Question

The difference between the apparent frequencies of a source of sound perceived by a stationary observer during its approach and recession is $2\%$ of the actual frequency of the source. If the speed of sound is $300\text{m/s}$, the speed of the source is

• A. $12\text{m/s}$
• B. $6\text{m/s}$
• C. $1.5\text{m/s}$
• D. $3\text{m/s}$

Answer 1

The correct option is D $3\text{m/s}$

Let,
$f_o=$ actual frequency of source;
$f_A=$ frequency heard during approach;
$f_R=$ frequency heard during recession:
$V_s=$ speed of source:

Given:
Speed of observer, $V_o=0;$
Speed of sound, $V=300\text{m/s}$;

$f_A-f_R=\frac{2}{100}{f}_o.......\left(1\right)$

Now using formula of apparent frequency (Doppler effect)

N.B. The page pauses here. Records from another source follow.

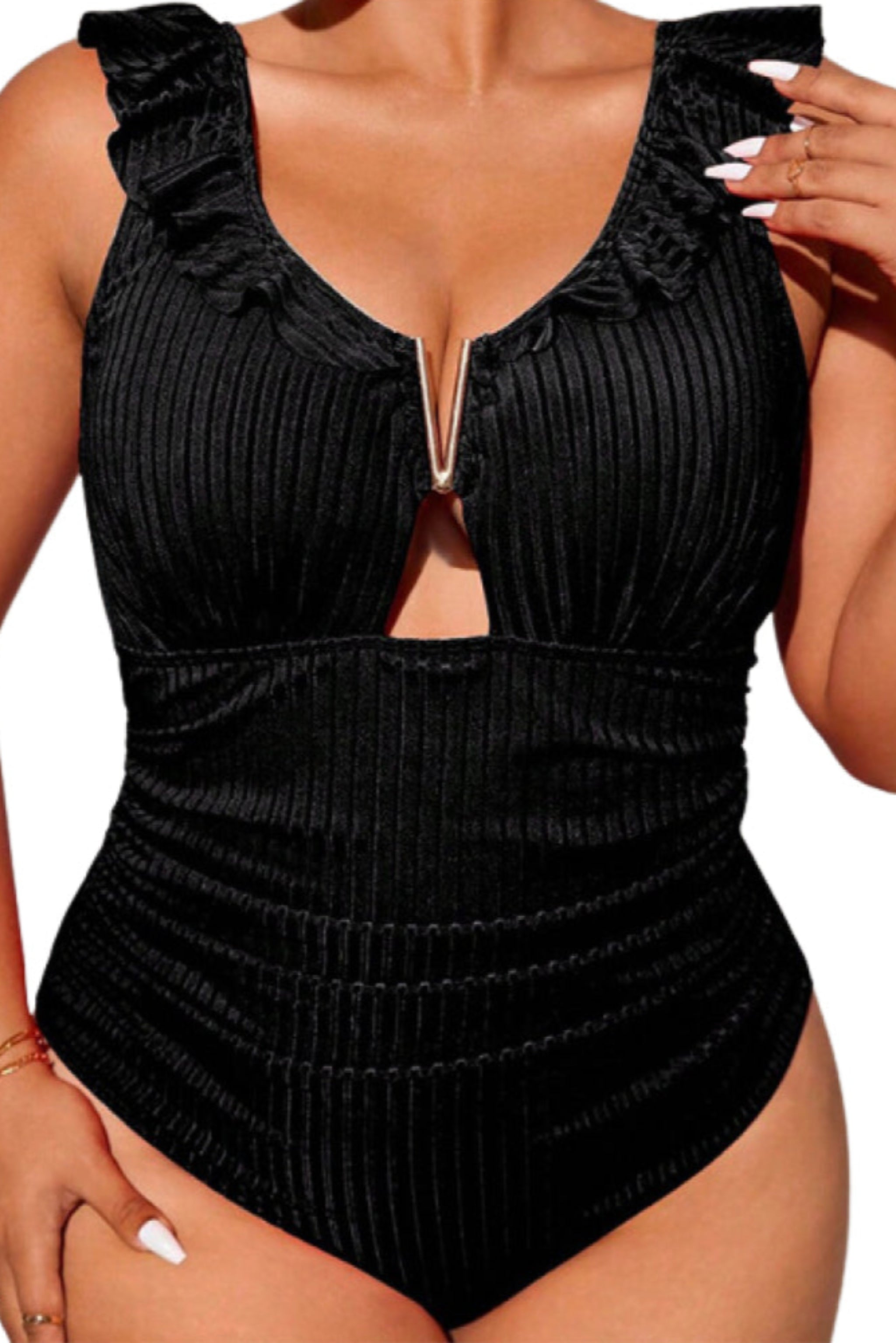 Maillot de bain une pièce grande taille à col volanté, découpe en V, froncé et côtelé
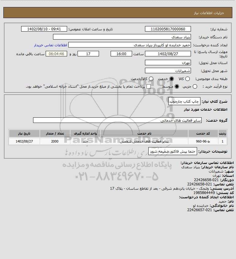 شرح کلی نیاز: چاپ کتاب چارچوب
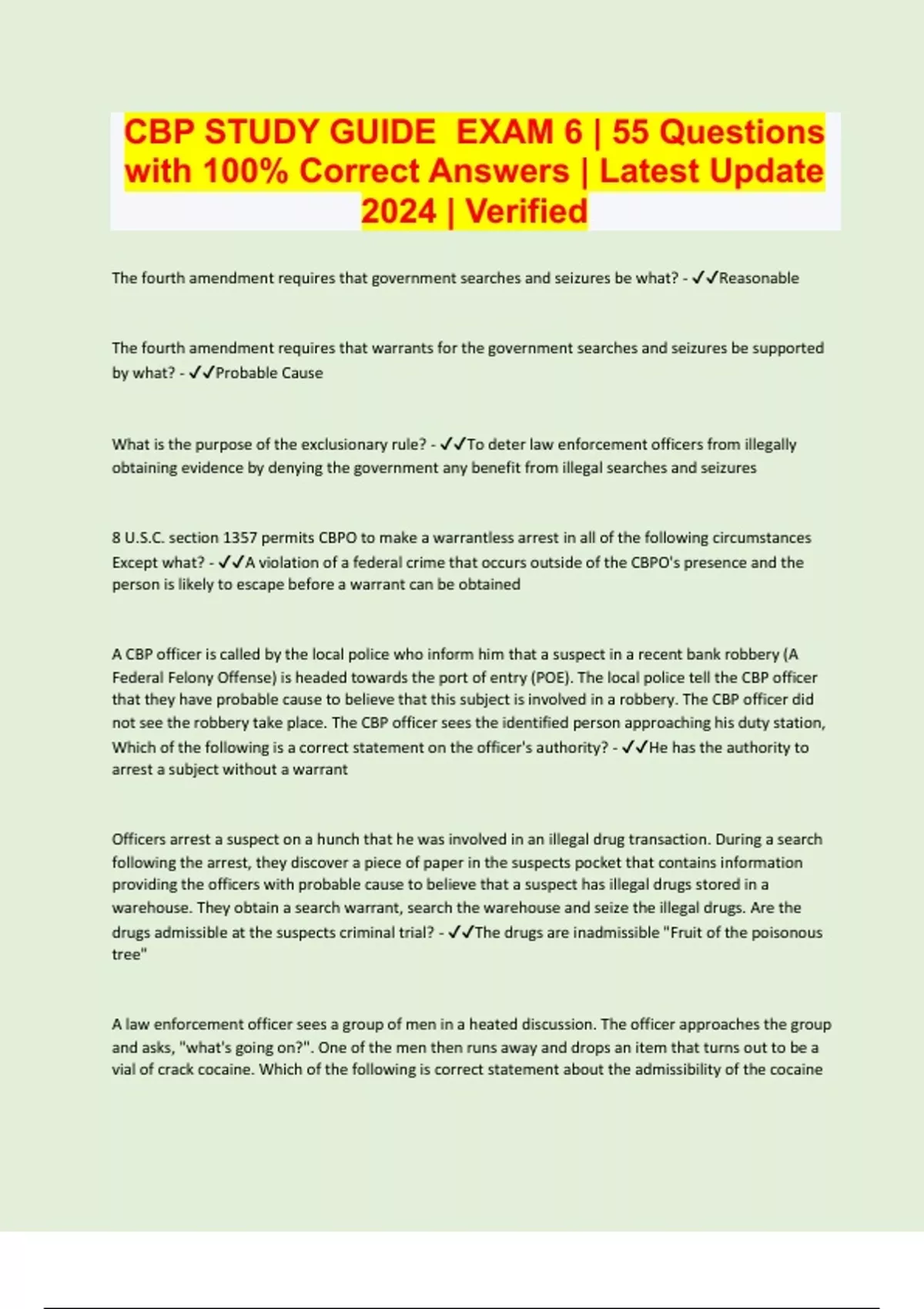 CBP STUDY GUIDE EXAM 6 | 55 Questions with 100% Correct Answers | Latest Update 2024 | Verified
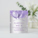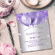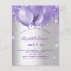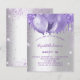 Ein stilvolles Imitat mit silberfarbenem Hintergrund. Mit violettem, lavendelfarbenem Imitat, Glitzer und Ballons dekoriert. Personalisieren und fügen Sie Namen, Alter und Party Details hinzu. Der Name wird mit einem handgeschriebenen Stilskript geschrieben
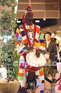 法國參展商出動(dòng)黑人樂手擊鼓高歌助興美容展。中新社記者:洪少葵
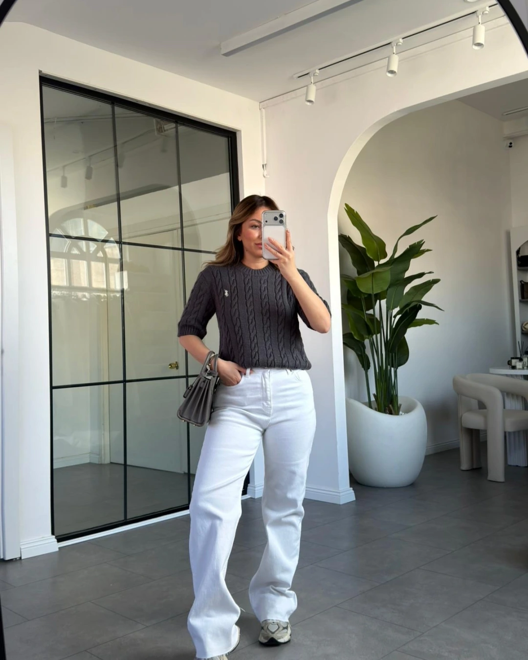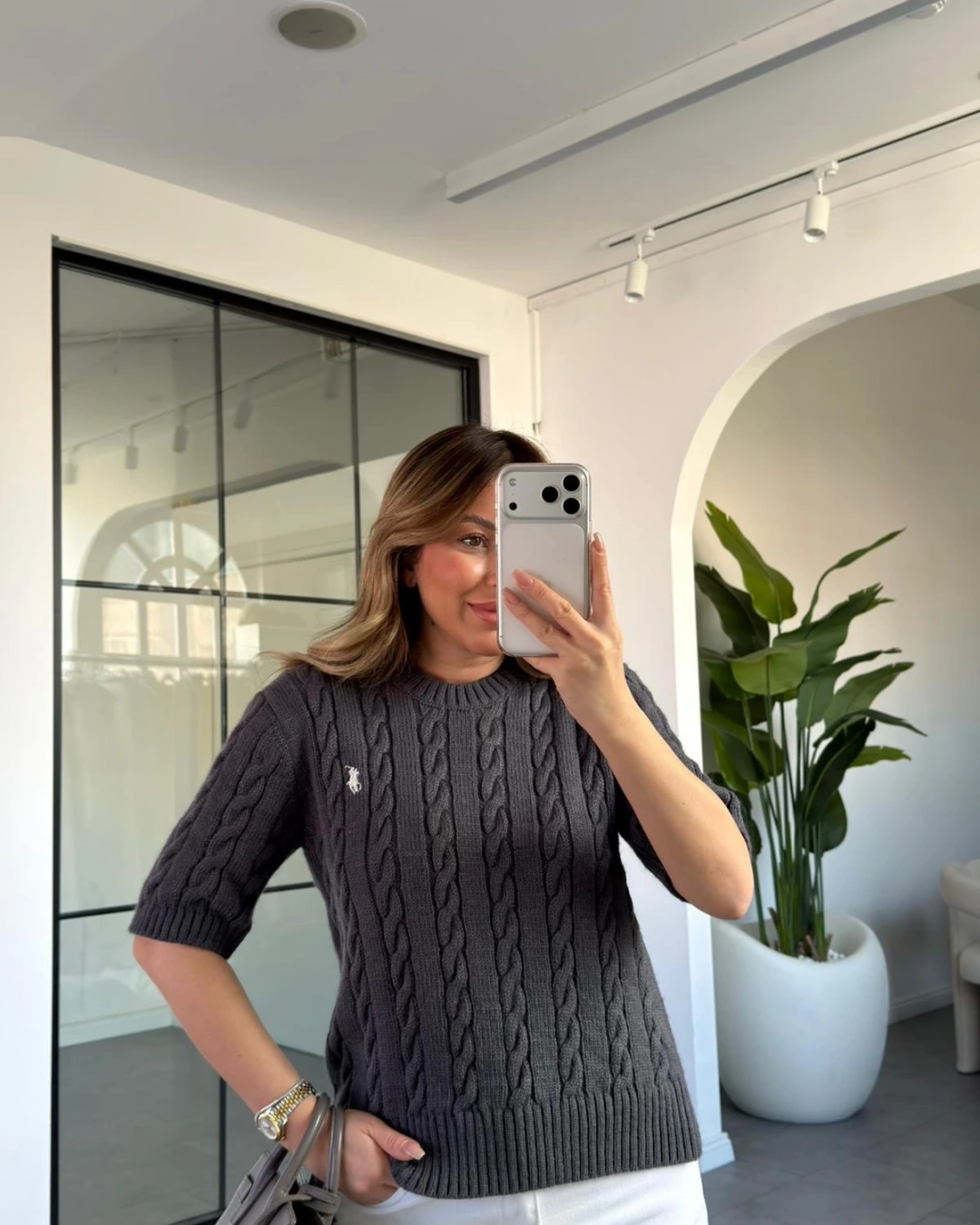 ANTRASİT BİSİKLET YAKA SAÇ ÖRGÜ DESEN KISA KOLLU TRİKO
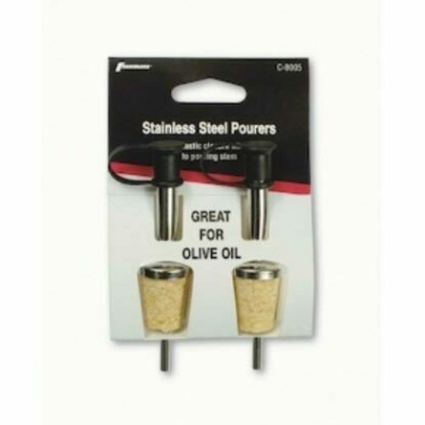 Liquor Bottle Pourer, 4-1/16" long, without collar, black cap, agglomerate natural cork, stainless steel spout (8004), 2-per card (premium carded)
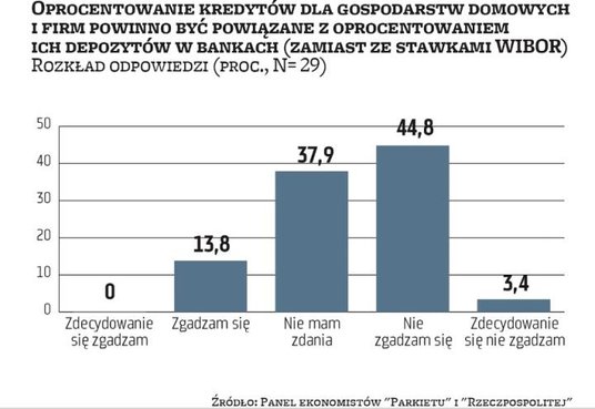 – Moim zdaniem takie rozwiązanie niewiele by dało. Banki finansują kredyty z wielu źródeł, a depozyty są tylko jednym z nich. W związku z tym stawka depozytów nie odzwierciedla kosztu finansowania banków. Jeżeli banki będą zmuszone kwotować w oparciu o stawki depozytów, to po prostu zażądają od klientów wyższej stałej marży jako rekompensaty za dodatkowe ryzyko i koszty zabezpieczenia – ocenia dr Piotr Dworczak, profesor na Uniwersytecie Northwestern i badacz think tanku GRAPE. To jeden z 14 uczestników XI rundy panelu ekonomistów „Parkietu" i „Rzeczpospolitej", którzy nie zgodzili się z tezą, że „oprocentowanie kredytów dla gospodarstw domowych i firm powinno być powiązane z oprocentowaniem ich depozytów w bankach (zamiast ze stawkami WIBOR)". Łącznie w badaniu udział wzięło 29 naukowców, więc przeciwko temu zdroworozsądkowemu na pierwszy rzut oka pomysłowi sprzeciwiło się 48 proc. z nich. Zarazem tylko niespełna 14 proc. opowiedziało się za zastąpieniem WIBOR-u jakąś stawką odzwierciedlającą oprocentowanie depozytów. Spora część ankietowanych, 38 proc., nie ma na ten temat wyrobionego zdania.
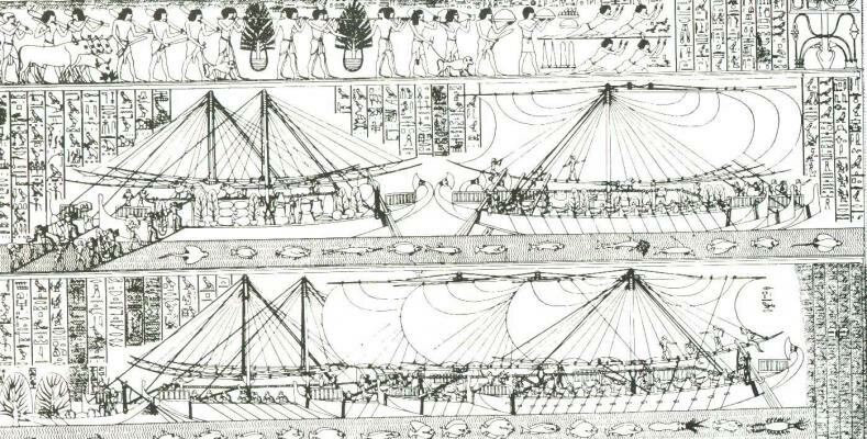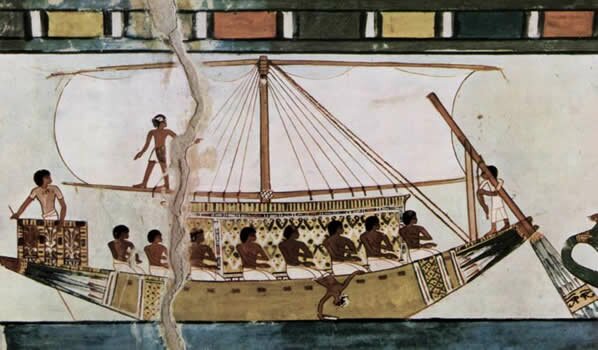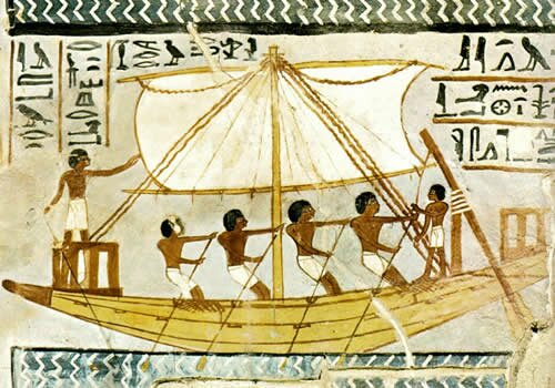 Al ser una civilización formada en torno al Nilo los egipcios pronto se echaron a navegar. Por un lado se desarrolló lógicamente una fuerte tradición fluvial. El Nilo no sólo era una fuente impresionante de recursos sino que era un río fácilmente navegable: se podía navegar en dirección norte siguiendo a la corriente; asimismo se podían aprovechar los vientos provenientes del norte para navegar hacia el sur con ayuda de una sencilla vela. Todo ello sin que fuera imprescindible recurrir a los remos, por lo que las primeras naves podían simplemente ayudarse de pértigas y paletas. No les costaría mucho a los egipcios concluir que además de transportar recursos por el Nilo, se podían transportar tropas rápidamente hasta los “puntos calientes” del Imperio para hacer frente a enemigos, rebeldes y/o bandidosi.
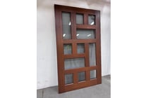 Door, Brown Timber frame, Abstract glass pattern,...
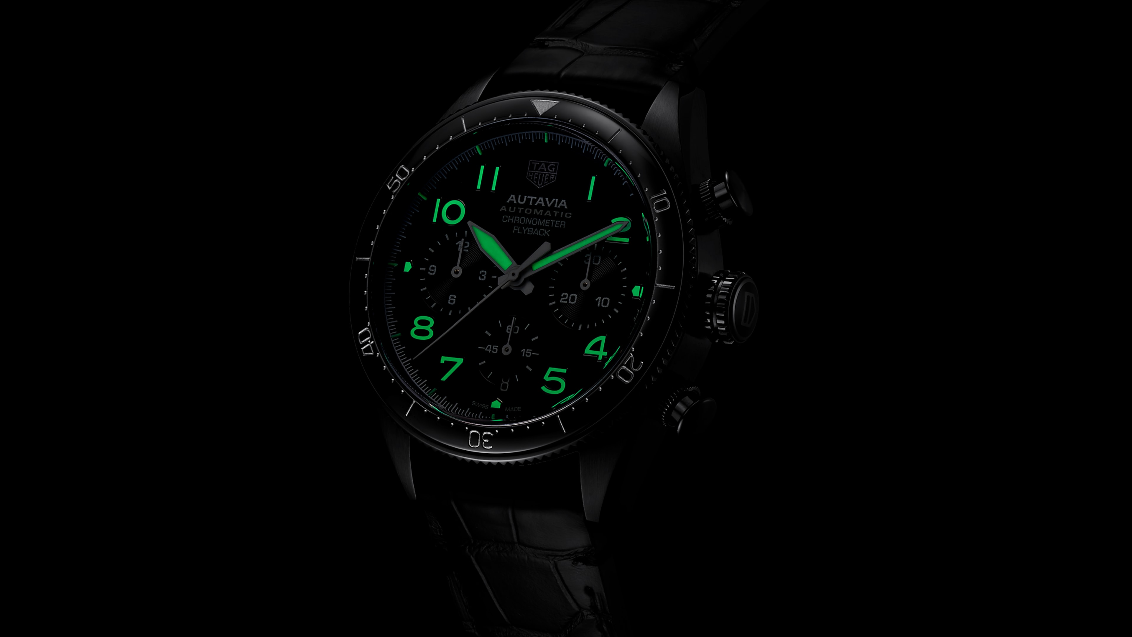 The 42mm black DLC polished, fine brushed case echoes the classic Autavia heritage. Water resistance to 100 meters thanks to a screw-in crown. Crafted for heroic adventure-seekers.
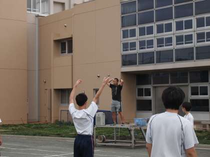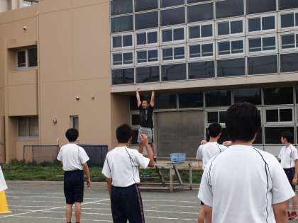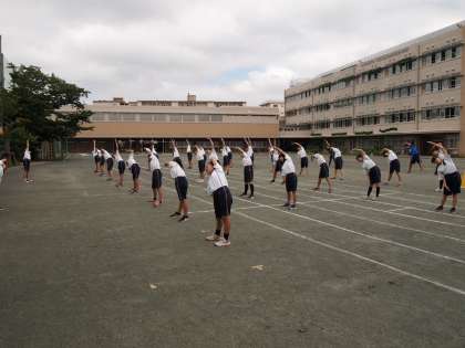 何といっても生徒の関心事は来週の運動会です。当然体育の授業も運動会種目なのですが…。体育科の教員は「プログラム1番はラジオ体操」であることをきちんと意識させ、メリハリのある準備運動を指導しています。教えを受けた後は、指先までピシッと伸びた‘演技’になりました。
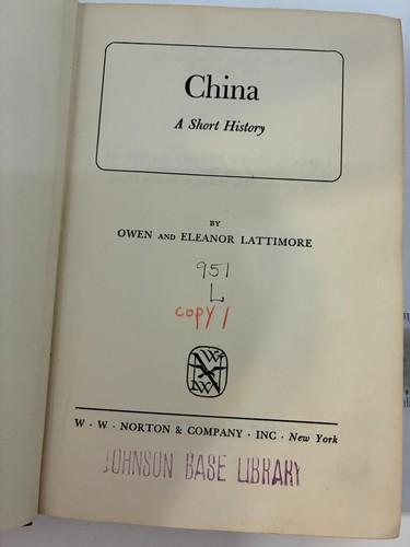China A Short History 1947 Owen Lattimore W.W. Norton Hardcover...
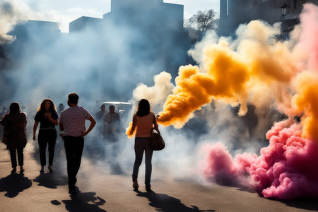 A man wearing a gas mask is standing in front of a cloud of smoke. Concept of danger and urgency, as the man is trying to protect himself from the harmful effects of the smoke
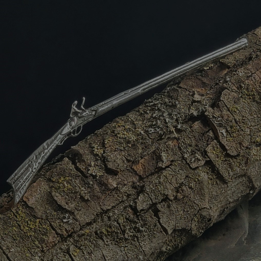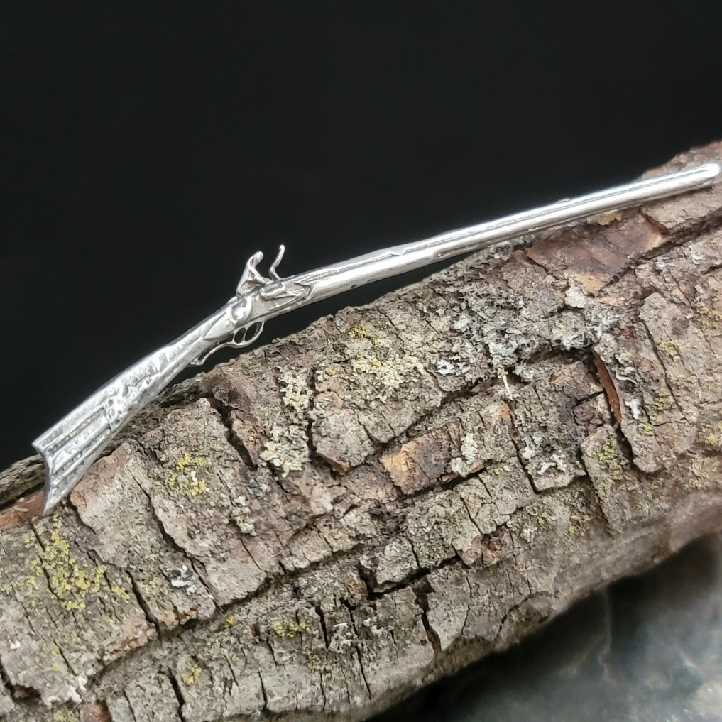 Kentucky flint lock, long rifle. Newly redesigned in 2022. Measures 2-3/4" x 1/2"
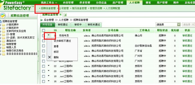要想處理招聘信息,點(diǎn)擊“招聘信息管理”就可以了,右擊最左側(cè)的小三角形,便出現(xiàn)了我們?cè)趫D中看到的選項(xiàng),我們可以根據(jù)需要進(jìn)行相應(yīng)的信息處理。
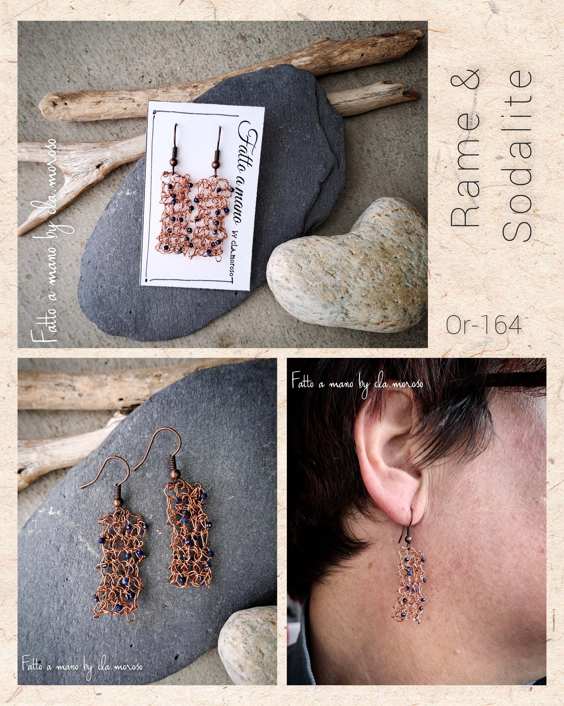 Questi orecchini rettangolari in rame, realizzati con filo di rame lavorato all'uncinetto e impreziositi da piccole pietre, offrono un design semplice e raffinato. La monachella in rame senza nichel garantisce comfort e sicurezza anche per pelli sensibili, mentre la lunghezza di 4,5 cm li rende un accessorio elegante e discreto, ideale per valorizzare con sofisticatezza ogni look.

$f_{app}=f_o(\frac{V\pm V_o}{V\pm V_s})$

During approach;

$f_A=f_o(\frac{V+V_o}{V-V_s})$

$\Rightarrow f_A=f_o(\frac{300+0}{300-V_s})$

$\Rightarrow f_A=f_o(\frac{300}{300-V_s}).....\left(2\right)$

During recession;

$f_R=f_o(\frac{V+V_o}{V+V_s})=f_o(\frac{300+0}{300+V_s})$

$\Rightarrow f_R=f_o(\frac{300}{300+V_s}).....\left(3\right)$

from eqs.(1), (2) and (3)

$f_o(\frac{300}{300-V_s})-f_o(\frac{300}{300+V_s})=\frac{2}{100}{f}_o$

$\Rightarrow (\frac{300}{300-V_s})-(\frac{300}{300+V_s})=\frac{2}{100}$

$\Rightarrow \frac{300\times 2V_s}{{300}^2-V_s^2}=\frac{2}{100}$

Since, ${300}^2>>>V_s^2,$ so we can neglect this term

$\Rightarrow V_s=3\text{m/s}$

Hence, option $\left(d\right)$ is the correct answer.